Generate speech from text and return audio bytes.

```python
async def synthesize(
    voice_id: str,                    # Voice ID from provider (get from provider's dashboard/docs)
    text: str,                         # Text to synthesize (supports unified syntax)
    style_guidance: Optional[str] = None,  # Natural language style guidance (provider-specific)
    seed: Optional[float] = None,     # Random seed for reproducibility
    creativity: float = 0.5,          # Creativity/variation (0.0-1.0, default 0.5)
) -> SynthesisResponse
```

**Returns:** `SynthesisResponse` object with:
- `response.audio` - `bytes`: Audio data (MP3, WAV, etc. depending on provider)
- `response.metadata` - `SynthesisMetadata` object containing:
  - `voice_id`: The voice used
  - `model`: Model name
  - `size_bytes`: Audio file size
  - `streaming`: Always `False` for `synthesize()`
  - `duration_seconds`: Audio duration (if available)
  - `sample_rate`: Sample rate in Hz (if available)

**Example:**
```python
response = await provider.synthesize(
    voice_id="voice-123",
    text="Hello! [laugh] (excited) This is amazing!",
    creativity=0.7
)

# Save audio
with open("output.mp3", "wb") as f:
    f.write(response.audio)

# Access metadata
print(f"Generated {response.metadata.size_bytes} bytes")
print(f"Model: {response.metadata.model}")
```

### Method: `synthesize_stream()`

Generate speech with streaming audio chunks (not yet implemented for most providers).

```python
async def synthesize_stream(
    voice_id: str,
    text: str,
    style_guidance: Optional[str] = None,
    seed: Optional[float] = None,
    creativity: float = 0.5,
) -> SynthesisStreamResponse
```

**Returns:** `SynthesisStreamResponse` with `audio` as an `AsyncIterator[bytes]`.

### Getting Voice IDs

**Tip:** Use [Waveform Studio](https://www.waveformstudio.app/) to browse and test voices from all providers in one place.

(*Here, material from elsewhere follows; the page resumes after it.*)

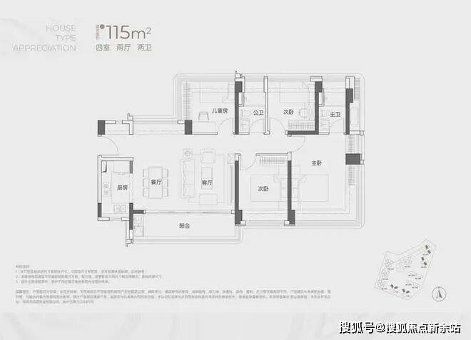 竖庭格局,西南向,基本居住功能与建面约108-110㎡4房2卫一致,但格局不一样,从目前公布的户型图上看,主要是主卧空间有了更大的提升,比如可以放更大一点的衣柜。但从位置上看,它所在的楼栋更靠近主干道,会有噪音影响。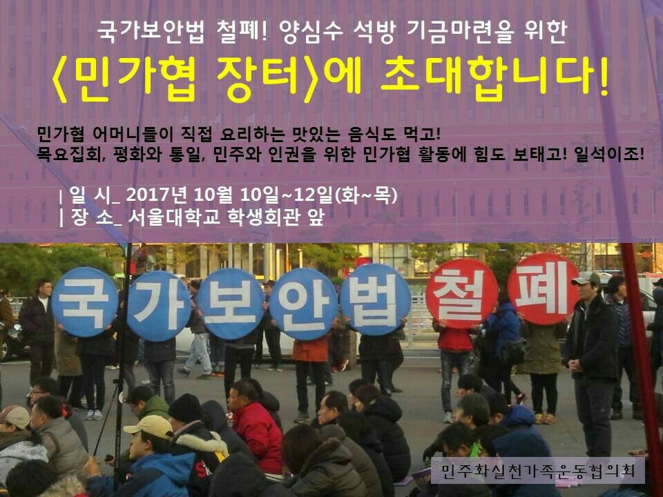 *민가협 장터 (10/10~10/12) 국가보안법 철폐. 양심수 석방 기금마련을 위한 민가협 장터/서울대 학생회관 앞

Voice IDs are provider-specific. Get them from:
- **Cartesia**: [Cartesia Dashboard](https://play.cartesia.ai/voices?tab=Default+Voices)
- **ElevenLabs**: [ElevenLabs Voice Library](https://elevenlabs.io/app/voice-library)
- **Hume**: [Hume Dashboard](https://platform.hume.ai/voices)
- **OpenAI**: [OpenAI Voice Models](https://platform.openai.com/docs/guides/text-to-speech)
- **Google Gemini**: [Google Cloud Console](https://docs.cloud.google.com/text-to-speech/docs/gemini-tts)
- **Inworld**: [Inworld Studio](https://platform.inworld.ai/tts-playground)
- **Orpheus**: Use voice names like `"tara"`, `"dan"`, `"josh"`, `"emma"` (see [Replicate model docs](https://replicate.com/lucataco/orpheus-3b-0.1-ft))

### Error Handling

Providers may raise:
- `ValueError`: Invalid parameters (e.g., missing API key, invalid voice_id)
- `RuntimeError`: API request failed or synthesis error
- `ImportError`: Provider dependencies not installed

```python
try:
    response = await provider.synthesize(voice_id="...", text="...")
except ValueError as e:
    print(f"Invalid input: {e}")
except RuntimeError as e:
    print(f"Synthesis failed: {e}")
```

## Environment Variables

Set API keys via environment variables:

```bash
export CARTESIA_API_KEY="your-key"
export HUME_API_KEY="your-key"
export INWORLD_API_KEY="your-key"
export ELEVENLABS_API_KEY="your-key"
export OPENAI_API_KEY="your-key"
export REPLICATE_API_TOKEN="your-key"  # For Orpheus
export GOOGLE_GENERATIVE_AI_API_KEY="your-key"
```

## Testing

```bash
# Run all tests
pytest tests/

# Run specific provider tests
pytest tests/test_cartesia_provider.py -v

```

## Roadmap

- [x] Generate proper documentation
- [x] Publish to PyPI as installable package
- [x] Create web playground
- [ ] Streaming support
- [ ] Different lang support
- [ ] CLI interface
- [ ] Auto chunk and re-stitch based on character limit
- [ ] Multi speaker support
- [ ] Get audio back along with timestamps
- [ ] Audio format conversion utilities
- [ ] Cost tracking utilities
- [ ] More OSS providers 

## Contributing

Contributions welcome! Please:
1. Fork the repository
2. Create a feature branch
3. Add tests for new functionality
4. Ensure all tests pass
5. Submit a pull request

## License

MIT License - see LICENSE file for details

## Acknowledgments

Built with love for the voice AI community. Special thanks to all the TTS provider teams for their amazing APIs.